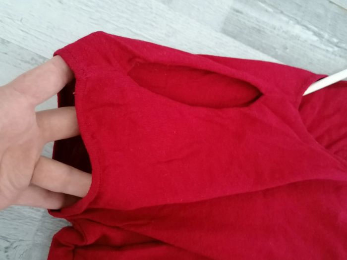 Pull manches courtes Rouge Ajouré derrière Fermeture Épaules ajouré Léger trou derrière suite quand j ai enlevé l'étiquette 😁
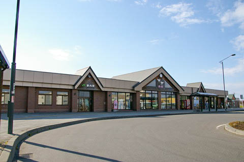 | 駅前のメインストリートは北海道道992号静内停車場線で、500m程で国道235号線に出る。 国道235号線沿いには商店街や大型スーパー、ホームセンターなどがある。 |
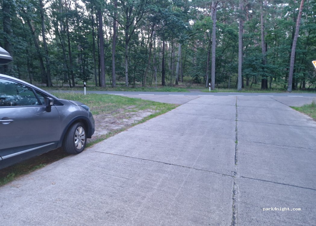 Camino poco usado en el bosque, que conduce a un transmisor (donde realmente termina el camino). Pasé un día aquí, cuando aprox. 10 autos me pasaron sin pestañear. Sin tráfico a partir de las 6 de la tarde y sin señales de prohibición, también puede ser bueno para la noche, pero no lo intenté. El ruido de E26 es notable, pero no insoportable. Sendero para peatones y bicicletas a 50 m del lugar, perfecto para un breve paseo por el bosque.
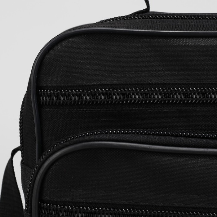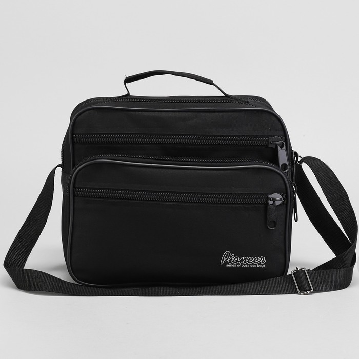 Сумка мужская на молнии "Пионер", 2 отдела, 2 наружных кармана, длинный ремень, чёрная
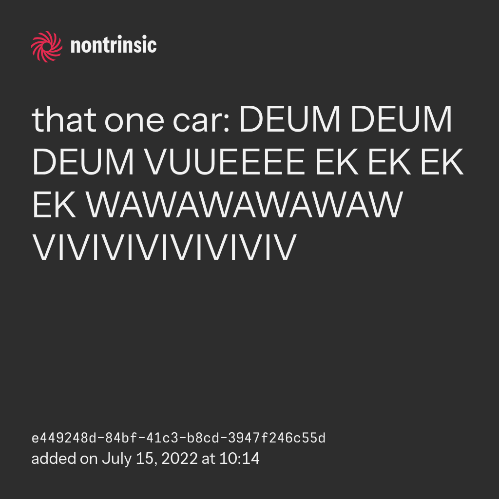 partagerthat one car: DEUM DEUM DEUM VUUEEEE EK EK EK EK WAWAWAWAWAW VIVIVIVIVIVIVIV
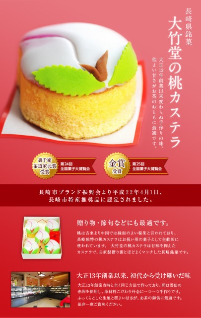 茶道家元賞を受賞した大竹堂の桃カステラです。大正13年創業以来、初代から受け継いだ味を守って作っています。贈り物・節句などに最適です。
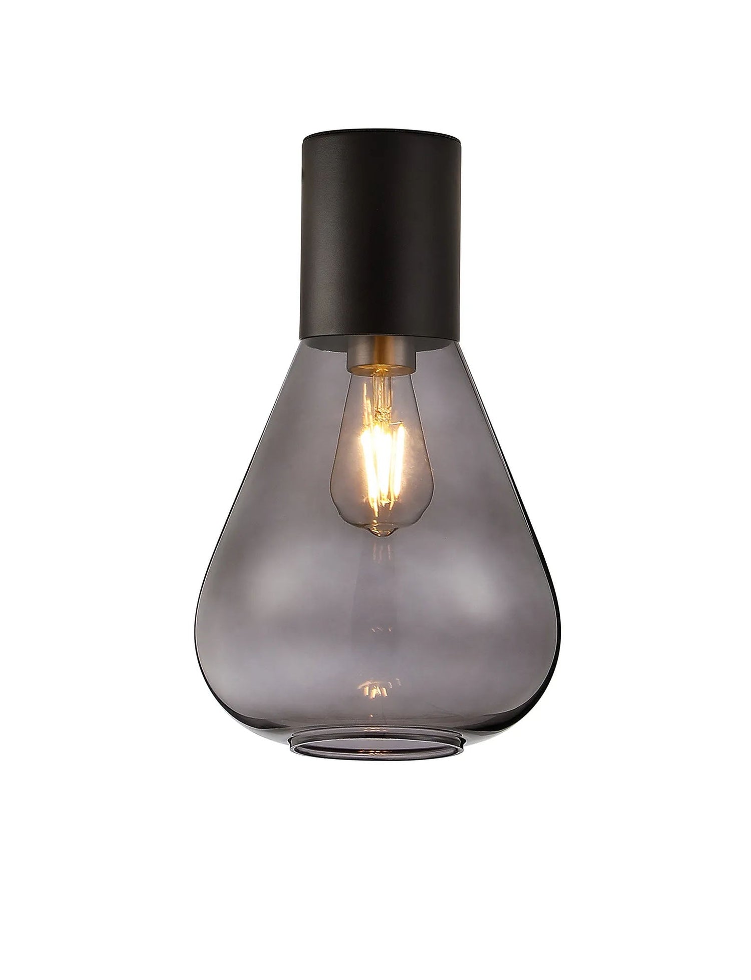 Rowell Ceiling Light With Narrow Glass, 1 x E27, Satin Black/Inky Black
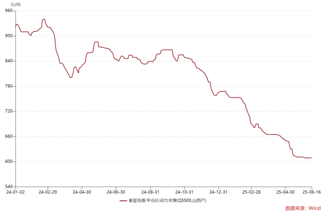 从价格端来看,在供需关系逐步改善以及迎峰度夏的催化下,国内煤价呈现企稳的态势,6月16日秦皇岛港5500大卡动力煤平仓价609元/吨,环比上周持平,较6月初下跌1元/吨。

...

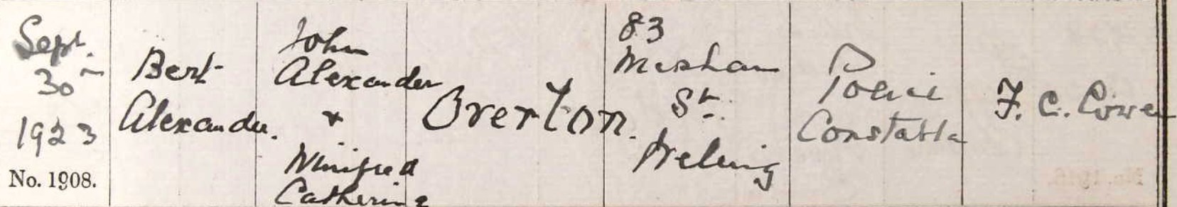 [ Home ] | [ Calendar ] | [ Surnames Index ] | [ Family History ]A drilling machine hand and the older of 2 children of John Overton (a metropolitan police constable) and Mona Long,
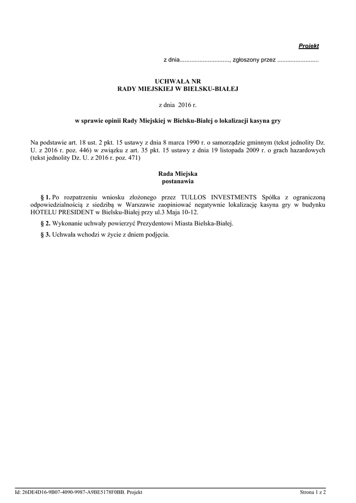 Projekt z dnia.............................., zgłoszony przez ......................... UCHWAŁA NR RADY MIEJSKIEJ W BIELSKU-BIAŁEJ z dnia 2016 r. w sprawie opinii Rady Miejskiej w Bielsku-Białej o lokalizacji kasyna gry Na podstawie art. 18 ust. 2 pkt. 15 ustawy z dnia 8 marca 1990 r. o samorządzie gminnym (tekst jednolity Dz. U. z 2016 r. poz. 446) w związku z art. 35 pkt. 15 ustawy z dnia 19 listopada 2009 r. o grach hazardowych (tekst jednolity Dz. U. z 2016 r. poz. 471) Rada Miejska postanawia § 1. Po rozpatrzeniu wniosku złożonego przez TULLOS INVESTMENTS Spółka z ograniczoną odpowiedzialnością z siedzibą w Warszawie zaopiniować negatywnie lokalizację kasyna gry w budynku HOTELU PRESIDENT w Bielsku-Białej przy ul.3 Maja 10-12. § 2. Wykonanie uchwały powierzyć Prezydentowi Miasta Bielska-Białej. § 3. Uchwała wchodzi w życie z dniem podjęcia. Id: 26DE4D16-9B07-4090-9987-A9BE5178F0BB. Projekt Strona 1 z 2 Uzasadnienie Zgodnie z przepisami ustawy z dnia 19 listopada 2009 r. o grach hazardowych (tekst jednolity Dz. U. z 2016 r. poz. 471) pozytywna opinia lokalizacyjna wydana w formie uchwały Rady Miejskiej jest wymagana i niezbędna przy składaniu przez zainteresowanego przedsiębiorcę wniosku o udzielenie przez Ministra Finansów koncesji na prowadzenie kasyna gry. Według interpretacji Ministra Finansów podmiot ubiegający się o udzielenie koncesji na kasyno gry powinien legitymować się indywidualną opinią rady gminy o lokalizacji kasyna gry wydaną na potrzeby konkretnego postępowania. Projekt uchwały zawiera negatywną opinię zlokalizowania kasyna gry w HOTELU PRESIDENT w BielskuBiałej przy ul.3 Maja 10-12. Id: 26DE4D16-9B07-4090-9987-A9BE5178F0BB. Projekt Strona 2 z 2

==

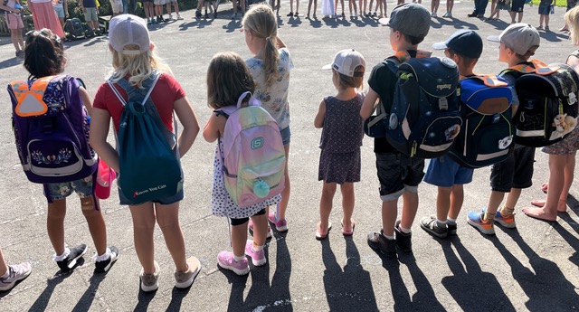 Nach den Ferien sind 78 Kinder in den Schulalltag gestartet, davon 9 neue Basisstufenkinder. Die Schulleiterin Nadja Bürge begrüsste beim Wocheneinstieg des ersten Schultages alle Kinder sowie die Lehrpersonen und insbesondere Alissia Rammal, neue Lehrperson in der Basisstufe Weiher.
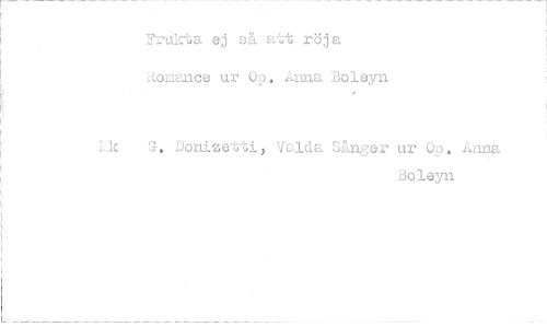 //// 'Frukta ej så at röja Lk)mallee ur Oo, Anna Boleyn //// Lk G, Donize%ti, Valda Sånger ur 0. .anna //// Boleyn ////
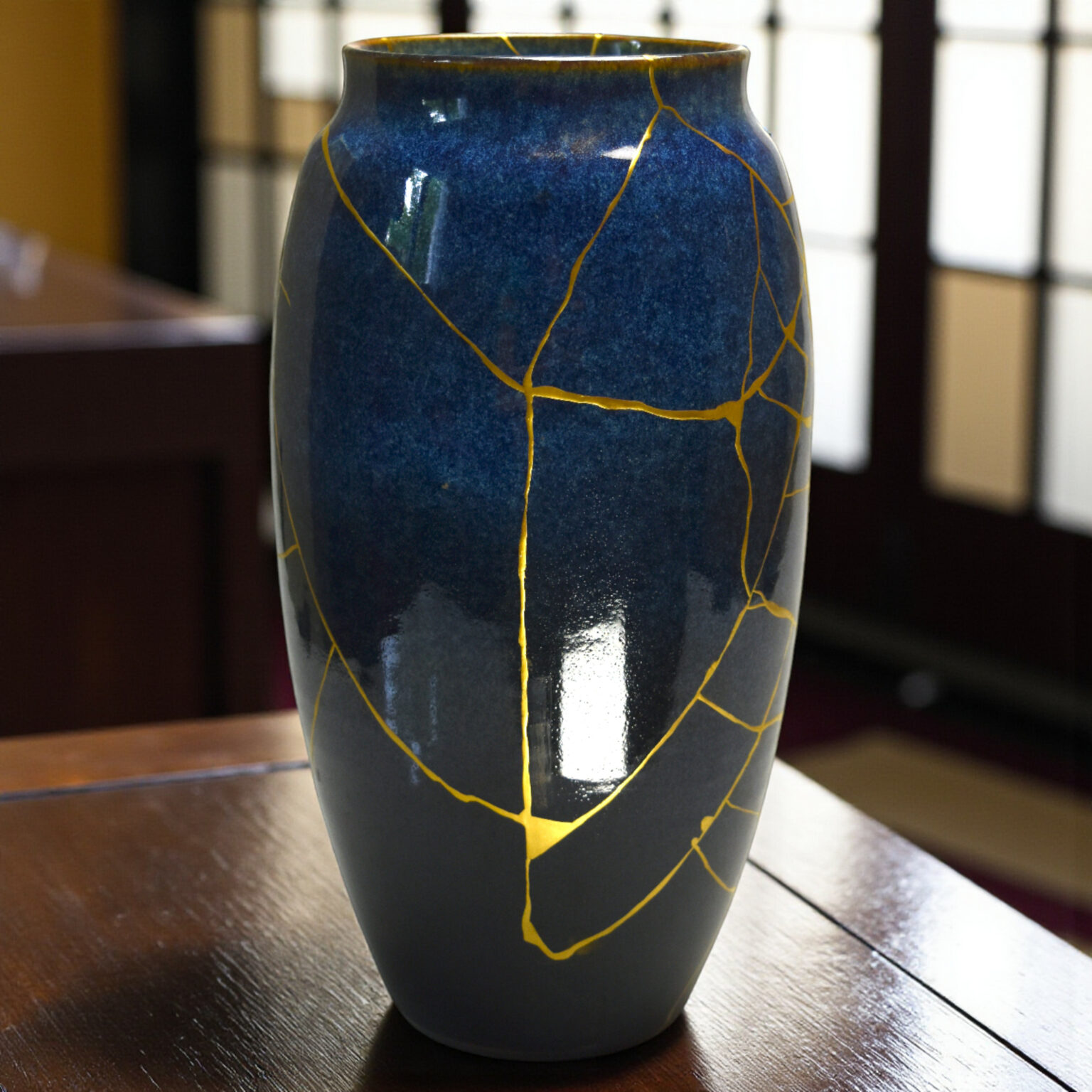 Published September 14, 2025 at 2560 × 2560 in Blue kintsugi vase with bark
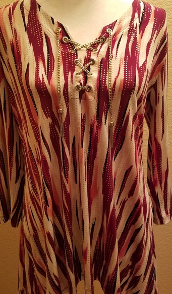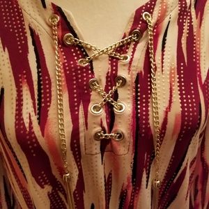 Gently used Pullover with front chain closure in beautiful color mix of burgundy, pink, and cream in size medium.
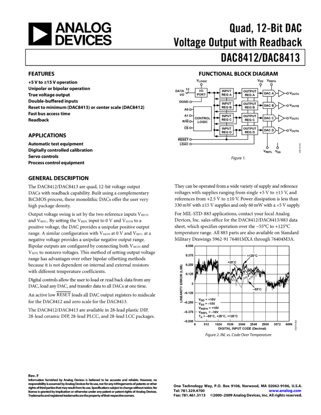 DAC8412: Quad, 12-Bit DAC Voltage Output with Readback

EXERCISE BRIEF: Above, find the line with "partagerthat one car: DEUM"; copy it and every line down to the line with "从价格端来看,在供需关系逐步", exactly and both included, but no pictures.

FINISHED EXERCISE:
 partagerthat one car: DEUM DEUM DEUM VUUEEEE EK EK EK EK WAWAWAWAWAW VIVIVIVIVIVIVIV
 茶道家元賞を受賞した大竹堂の桃カステラです。大正13年創業以来、初代から受け継いだ味を守って作っています。贈り物・節句などに最適です。
 Rowell Ceiling Light With Narrow Glass, 1 x E27, Satin Black/Inky Black
 从价格端来看,在供需关系逐步改善以及迎峰度夏的催化下,国内煤价呈现企稳的态势,6月16日秦皇岛港5500大卡动力煤平仓价609元/吨,环比上周持平,较6月初下跌1元/吨。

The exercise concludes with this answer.